Bu bağlamda, Draghi, kamu harcamalarının yeniliğe odaklanmasının ve aşırı düzenlemelerin kaldırılmasının (girişimlerin ölçeklenme yeteneğini engelleyen) Avrupa çapında bir yenilik ekosistemini teşvik etmek için hayati olduğunu savunmaktadır. Seçili sektörlerdeki yenilikçi şirketlere, uluslararası alanda rekabet edebilmeleri için gerekli ölçeği oluştururken sübvansiyonlar ve korumalar sağlanmasını da desteklemektedir.
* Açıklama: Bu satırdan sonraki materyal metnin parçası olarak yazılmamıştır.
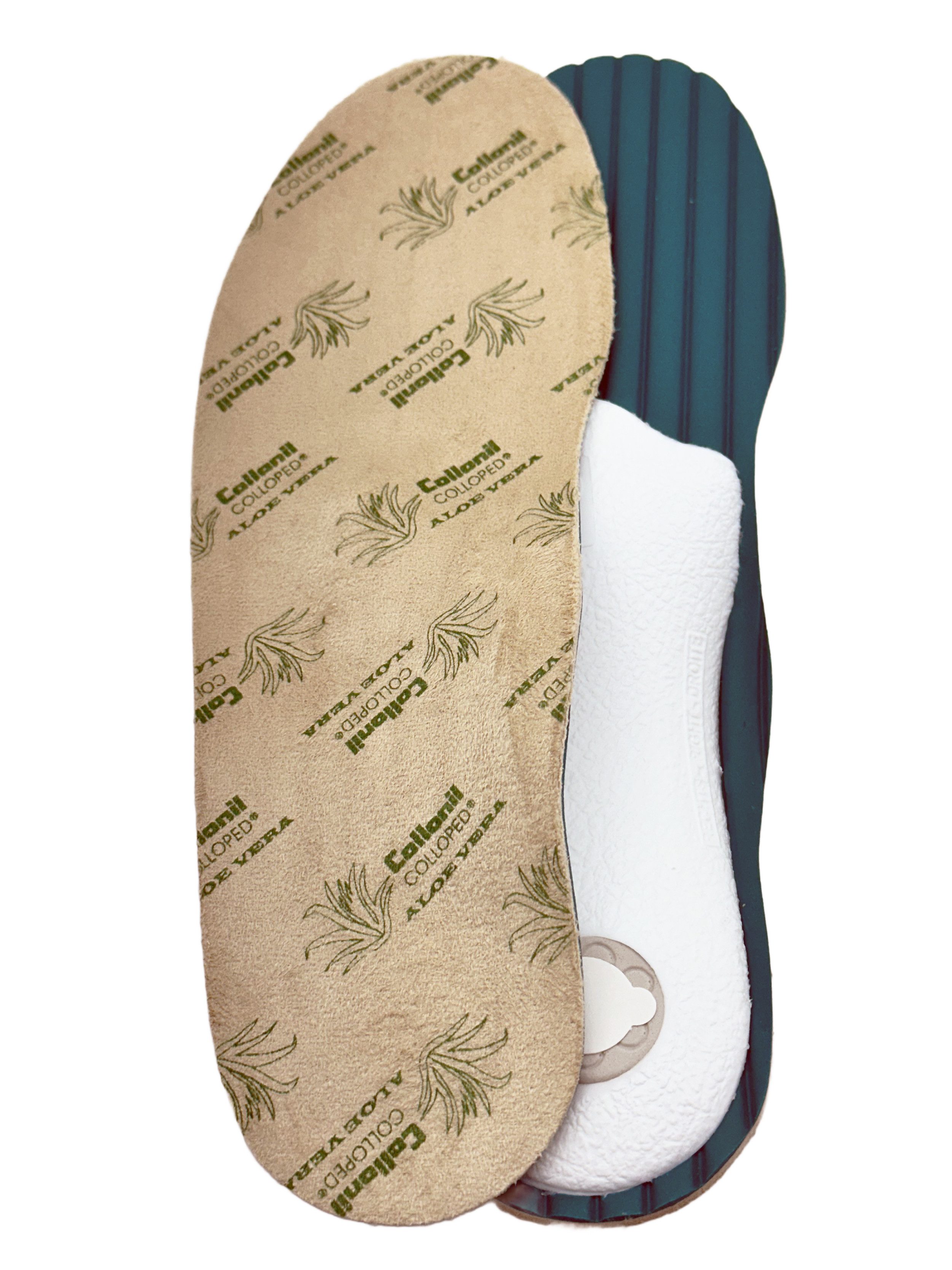 - Diese Sohle ist mit Aloe Vera imprägniert, die bekannt für ihre feuchtigkeitsspendenden und beruhigenden Eigenschaften ist.

Draghi ayrıca, enerji maliyetlerini düşürmek için birleşik bir AB enerji piyasasının kurulmasını önermektedir. Çin ile ticarette pragmatik bir yaklaşım teşvik edilmekte, sektörlere ve teknolojilere göre uyarlanmış kurallar önerilmektedir. Ayrıca, dost ülkelerle tercihli ticaret anlaşmalarını içeren bir AB “dış ekonomik politikası”nın geliştirilmesi tavsiye edilmektedir.

Eleştirmenler, bu duruşları aşırı radikal olarak nitelendirebilir; ancak Draghi’nin raporu, ayrımcı ticaret politikalarının ve tam ölçekli sanayi politikasının genel bir onayı olarak okunmamalıdır. Avrupa Parlamentosu’ndaki konuşmasında vurguladığı gibi, AB’nin “kazananları seçmesi” veya toptan korumacılık çağrısı yapmamakta, Dünya Ticaret Örgütü kurallarının yeniden düzenlenmesini önermemektedir.

Raporun en önemli ve memnuniyetle karşılanan mesajlarından biri, tek pazarı korumanın, AB düzeyinde tasarlanıp uygulanan araçları gerektirdiğidir. Bir diğeri ise, derin ve likit bir AB borç piyasası olmadan, kamu mallarının finansmanı için kritik olan bir Avrupa güvenli varlığının oluşturulmasının imkânsız olacağı ve özel yatırımı desteklemede büyük rol oynayacak sermaye piyasaları birliğinin asla gelişemeyeceğidir.

Sonuç olarak, Draghi’nin raporu, Avrupa’nın ortak kaynakları kullanarak bir nevi savaş ekonomisi inşa etmesini ve ekonomiyi canlı tutmasını önermektedir. Ancak yenilik, enerji, savunma, sanayi politikası ve ortak finansman araçları konusunda tek bir yaklaşım geliştirmek, AB genelinde güçlü ve sürekli bir siyasi irade gerektirecektir.

AB bir federasyon değildir ve ekonomik milliyetçilik genellikle baskın çıkmakta, sınır ötesi birleşmeleri engellemekte, koordinasyonu sınırlamakta ve ortak finansmanı zorlaştırmaktadır. Günümüzde, ortak AB bütçesi bloğun GSYİH’sinin sadece %1’ine denk gelmekte ve COVID-19 pandemisine yanıt olarak ihraç edilen ortak borç, tasarım gereği geçici niteliktedir.

Ukrayna savaşının AB’nin kapısında sürmesi ve ABD-Çin rekabetinin ekonomik modelin temelini tehdit etmesiyle, Avrupalıları daha derin siyasi ve ekonomik entegrasyon ihtiyacı konusunda bir uzlaşmaya yönlendirebilecek artan bir aciliyet duygusu bulunmaktadır. Ancak bu durum, Avrupa’yı aksi yönde iterek ülkelerin ekonomik milliyetçiliğe daha da derinlemesine çekilmesine de yol açabilir. AB üye devletleri arasında düşük güven düzeyleri ve farklı çıkarlar, entegrasyonu kolaylaştırabilecek bir AB düzeyinde demokratik sürecin eksikliği ile birleşince, Avrupa liderlerinin Draghi’nin uyarısını dikkate alacağı konusunda şüpheler oluşmaktadır.